• _RECORD EXTRACTS_
##############################

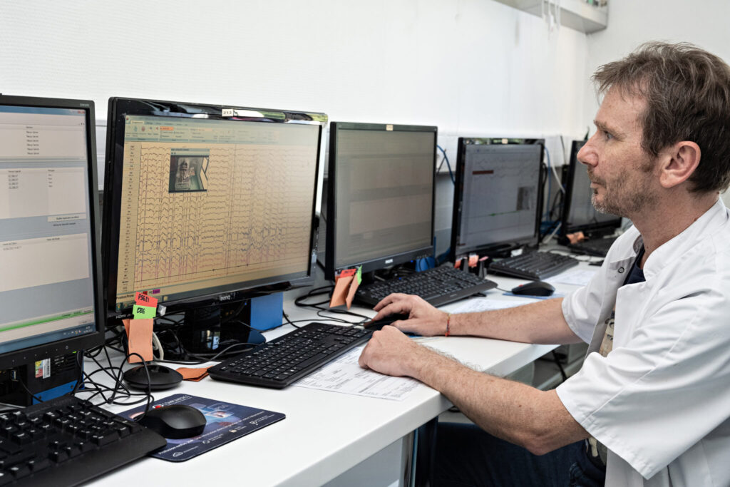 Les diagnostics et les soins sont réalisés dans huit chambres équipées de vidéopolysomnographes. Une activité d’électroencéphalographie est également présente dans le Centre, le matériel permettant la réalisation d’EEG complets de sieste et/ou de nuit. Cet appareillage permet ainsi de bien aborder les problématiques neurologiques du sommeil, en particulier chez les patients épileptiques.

##############################

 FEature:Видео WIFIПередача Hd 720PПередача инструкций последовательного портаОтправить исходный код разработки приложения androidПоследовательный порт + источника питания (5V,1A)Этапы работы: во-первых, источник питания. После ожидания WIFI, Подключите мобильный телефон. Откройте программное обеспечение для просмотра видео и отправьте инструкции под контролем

##############################

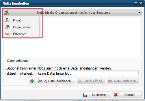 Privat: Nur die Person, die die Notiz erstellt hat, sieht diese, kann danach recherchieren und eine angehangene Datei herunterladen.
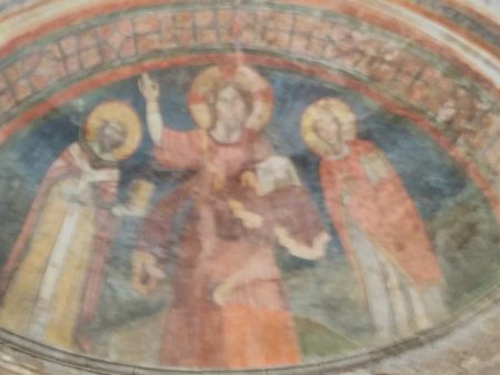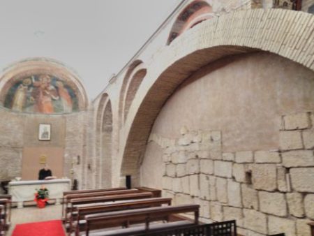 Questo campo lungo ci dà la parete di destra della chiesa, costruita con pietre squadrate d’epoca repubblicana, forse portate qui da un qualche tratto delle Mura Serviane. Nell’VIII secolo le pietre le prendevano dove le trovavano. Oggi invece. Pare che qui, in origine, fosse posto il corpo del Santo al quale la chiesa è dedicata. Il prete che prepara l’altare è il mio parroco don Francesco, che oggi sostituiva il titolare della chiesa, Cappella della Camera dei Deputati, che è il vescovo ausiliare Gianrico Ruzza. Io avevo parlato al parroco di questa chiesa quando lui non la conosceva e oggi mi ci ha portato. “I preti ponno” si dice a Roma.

##############################

• _AIM OF THE TASK_
Of the lines above, quote exactly those from the one with "Privat: Nur die" through the one with "Questo campo lungo", ends included; pictures stay out.

• _YOUR RESPONSE_
 Privat: Nur die Person, die die Notiz erstellt hat, sieht diese, kann danach recherchieren und eine angehangene Datei herunterladen.
 Questo campo lungo ci dà la parete di destra della chiesa, costruita con pietre squadrate d’epoca repubblicana, forse portate qui da un qualche tratto delle Mura Serviane. Nell’VIII secolo le pietre le prendevano dove le trovavano. Oggi invece. Pare che qui, in origine, fosse posto il corpo del Santo al quale la chiesa è dedicata. Il prete che prepara l’altare è il mio parroco don Francesco, che oggi sostituiva il titolare della chiesa, Cappella della Camera dei Deputati, che è il vescovo ausiliare Gianrico Ruzza. Io avevo parlato al parroco di questa chiesa quando lui non la conosceva e oggi mi ci ha portato. “I preti ponno” si dice a Roma.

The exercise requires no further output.